Wednesday 26 December 2012

Victor Hugo on the Ingratitude of Nature

Just finished Les Miserables (the book, not the musical). Lots of interesting reflections in there (and a great tale, too). In the final chapter the novel's hero, the Christ-like ex-convict Jean Valjean, after bringing about the happy marriage between his adopted daughter Cosette, whom he had saved from a miserable life and whom he has taken care of for the last ten years, and Marius, the man she loves and whose life he saved not long ago, allows himself to be cast aside, suddenly no longer needed and wanted when he tells Marius about his past. There are some misunderstandings, and Marius doesn't know that Jean has saved his life, while Cosette doesn't really understand what is going on, but given all that Jean has done for them, their behaviour still amounts to gross ingratitude. In the end they learn the whole truth, realise just how ungrateful they have been and try to make up for it, but before that happens, Victor Hugo, or his narrator, reflects on how grave the moral failure of the two ungrateful lovers actually is. And rather surprisingly he finds their behaviour, and generally that of young people, who tend to forget the benefits they have received from the old, not only excusable, but almost justified:

"what is sometimes over-severely described as the ingratitude of the young is not always so reprehensible as one may suppose. It is the ingratitude of Nature herself. Nature (...) always 'looks ahead'; she divides living creatures into those who are arriving and those who are leaving. Those leaving look towards darkness, and those arriving look towards light. Hence the gulf between them, fateful to the old, involuntary on the part of the young. The gulf, at first imperceptibly, grows gradually wider, like the spreading branches of a tree. It is not the fault of the branches that, without detaching themselves from the trunk, they grow remote from it. Youth goes in search of joy and festitivity, bright light and love. Age moves towards the end. They do not lose sight of one another, but there is no longer any closeness between them. Young folk feel the cooling of life; old people feel the chill of the grave. Let us not be too hard on the young."
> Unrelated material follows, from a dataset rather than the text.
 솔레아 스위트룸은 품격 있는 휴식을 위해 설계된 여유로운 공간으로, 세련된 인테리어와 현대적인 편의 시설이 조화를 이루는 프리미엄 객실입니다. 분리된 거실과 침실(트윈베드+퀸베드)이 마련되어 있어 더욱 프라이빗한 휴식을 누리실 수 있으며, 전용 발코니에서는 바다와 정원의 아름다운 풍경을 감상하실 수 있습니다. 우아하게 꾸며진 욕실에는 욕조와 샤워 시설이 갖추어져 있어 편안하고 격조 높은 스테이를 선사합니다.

So in other words, it is not only natural for the young to forget the good that they have received from the old, but it is also, for this very reason, right. It is exactly as it should be.

Sunday 16 December 2012

The Best about Two Chairs

A contemporary German philosopher (I forget who) once said that the best about two chairs is that you can sit between them. Right now this is the comfortable position that I happen to find myself in. In a critique of an article published earlier this year in the Journal of Medical Ethics (Giubilini and Minerva on "after-birth abortion") I claimed that morality was fundamentally irrational in the sense that there is no moral belief that is, as Don Marquis put it, "utterly compelling to any rational person". Moral convictions can always be contested, and it is never unreasonable to do so. Moral beliefs are not the results of rational reflection, but rather starting points. They are more like axioms upon which we build our world: foundational bricks in the house that constitutes the way we look at, think about, and relate to ourselves and the people and things around us. To believe, for instance, that it is wrong to torture people, is neither rational nor irrational. We may, of course, be able to explain why we think it is wrong, but nothing that we can say by way of an explanation is such that no rational person can deny its moral relevance. In that particular article, however, my main point was that the appearance of rational compellingness that many bioethicsts (especially those with roots in the analytic tradition) attempt to lend to their personal views is just that: mere appearance. It is a rhetorical device that is often used to trick the reader into accepting conclusions that intuitively they are inclined to reject.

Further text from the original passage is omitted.